Like Christensen’s piece, Orenstein’s discusses the negative messages purported through Disney Princesses, centering on the desire to ultimately win a man. Christensen notes the same thing about the various interpretations of Cinderella/Cindy Ellie, in that the message remains the same: that beauty is important and getting a man should be a main goal in life. The only part of Orenstein’s princesses analysis I would nit-pick is her discussion of princesses’ lack of female camaraderie with other women. While this is true for 99.99% of these characters, it should be noted that, despite the many criticisms of Tiana and The Princess and the Frog in general, one of the aspects I admired most was Tiana’s friendship with Charlotte. There is no girlfighting amongst them, to my memory. Charlotte genuinely loves Tiana and vice versa. Even better, they don’t fight over the male love interest. Charlotte only wants to help. That is, as noted, if my memory serves right. And if so, then at least that example does depict positive relationships amongst girls. Orenstein, like Christensen, discusses the impact Disney Princesses have on children, but also talks about the gender division of toys and merchandising (fueled, in my humble opinion, by capitalist greed and corruption), indicating the affect these influences have on children, both boys and girls.
In this way, to me, it connects to Croteau. As she speaks about the pink-ifiying of toys, it seems as though these companies are attempting to create a new hegemony for gendered toys (because as Orenstein notes, it increases profit by impelling parents to buy the same product twice for separate children, for example, a blue bat for a boy and a pink one for a girl). These capitalist enterprises are trying to make “girls” and “pink” synonymous, indicating that a love of “pink” is “natural;” in fact, several of the people Orenstein speaks with admit as much about their opinions, claiming that they’re just giving girls what they want. I, of course, operate under the opinion that gender segregation of toys is damaging (and that Sweden is correct in their gender-neutral advertising). But I digress.

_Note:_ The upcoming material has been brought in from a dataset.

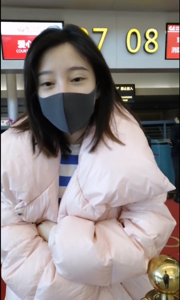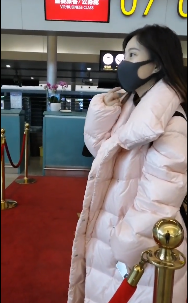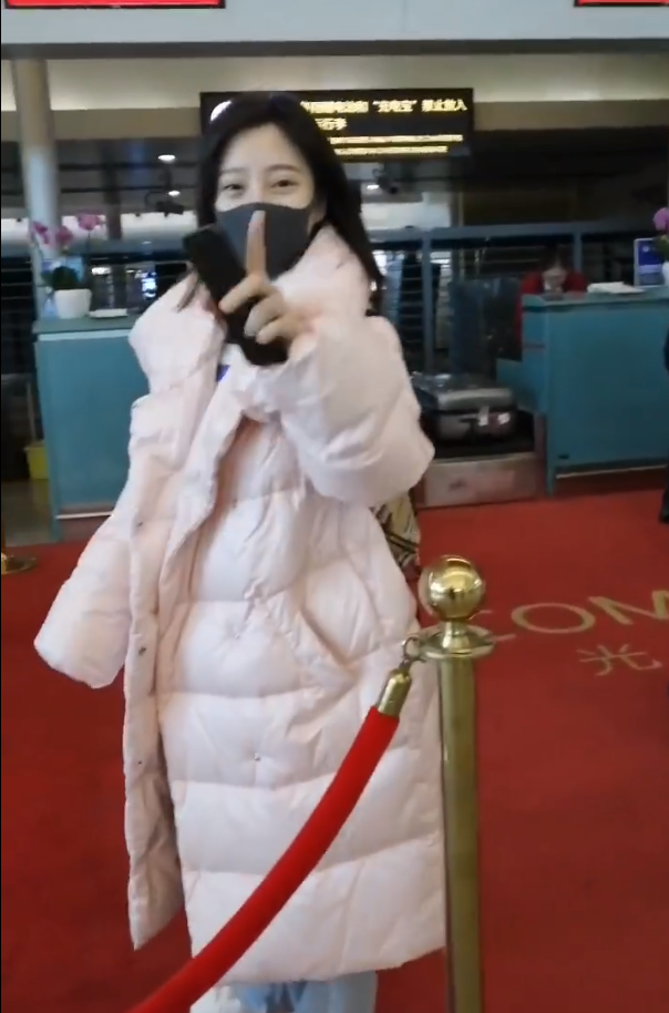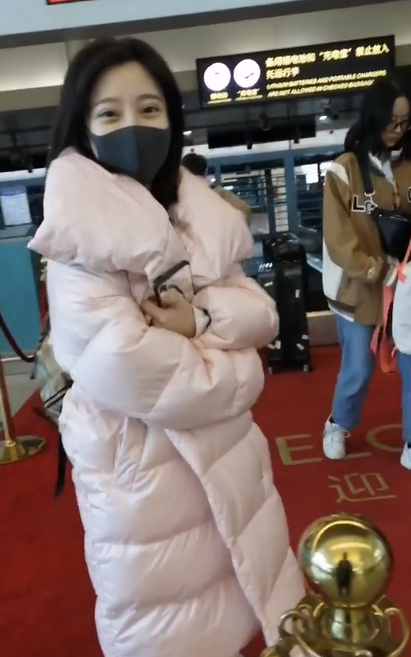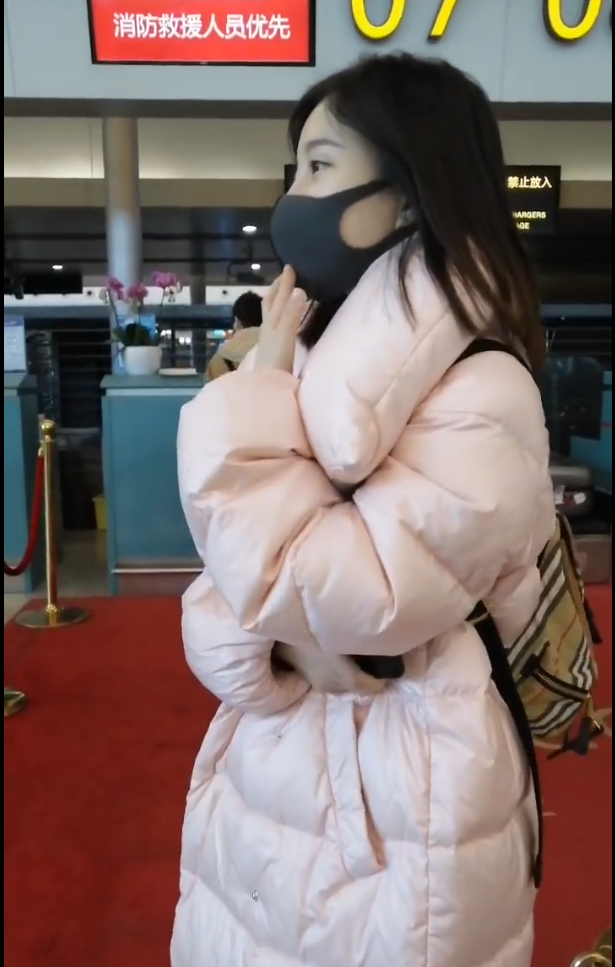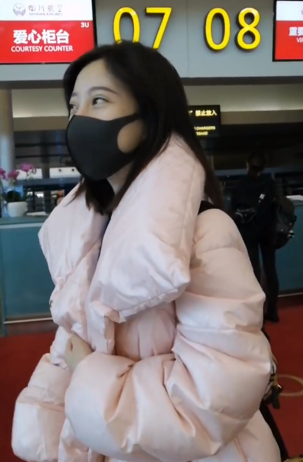 原标题:冯提莫穿淡粉色的长款羽绒服,直接素颜走机场,颇为小清

Merida from Brave is interesting in regards to all of these texts. On one hand, the background characters of the movie are depicted in gender segregated roles: the males are the ones that go off to battle, hunting down the bears, and are rowdy and quick to fight while the women are seen doing domestic work, such as working in the kitchens, or acting as dancers during the festivities rather than performing more masculine sports, but are also level headed in regards to fighting (though that poor maid is clearly traumatized by the end). However, unlike the other Disney Princesses, Merida does not seek to find a man. Although her mother (and most of society –except for her father) pressures her to choose a husband, she ultimately is allowed to fall in love in her own time, when she is ready, which defies the messages of the other movies. Merida doesn’t have a Disney Prince, and this movie doesn’t focus on one (like, say, Aladdin – which, side note, I still love despite valid criticism). It should be noted, however, that Brave is a gender neutral name. I remember hearing that Tangled was renamed from something like Princess Rapunzel to attempt to bring in more male audience members; likely something similar happened with Brave just as it’s happening with Frozen (and upcoming Pixar/Disney Princess movie). This is interesting because it reinforces the message from Orenstein’s piece: that girls will buy products for boys, but boys won’t buy products for girls (despite that they like them) because there’s something wrong with being a girl. As she notes, her “progressive” friend will proudly give his daughter Matchbox toys, but balks at giving his son a skirt. And it should go without saying that there is something fundamentally wrong with this opinion on girls and femininity.
Finally, I feel the need to comment on the toy production for Brave. As a cashier, I can say with confidence that they used to, at least, sell toy bows for Merida. I remember that one being a big seller a while back. It was this little plastic bow affixed to a shiny blue cardboard piece; I recall, particularly, because I wished I could have had one when I was little. However, I find it troubling that a quick search of the Walmart website now has Merida dolls and a “Disney Brave Merida Royal Dress.” Though, the dolls do come with bows and arrows. One of them is called the “Disney Brave Fashion Play Doll,” which, like Orenstein notes with Mulan and her dress, Merida (as a character) would likely be appalled to be a “fashion” anything.
I’m interested in how everyone else in the class interpreted Brave: what crtiticms did you find in it? Do you think it presents positive messages? Is it a step forward? What about Orenstein’s piece? Do you agree with what she says about Disney Princesses or do you see a benefit in them? What about the pinkification of toys?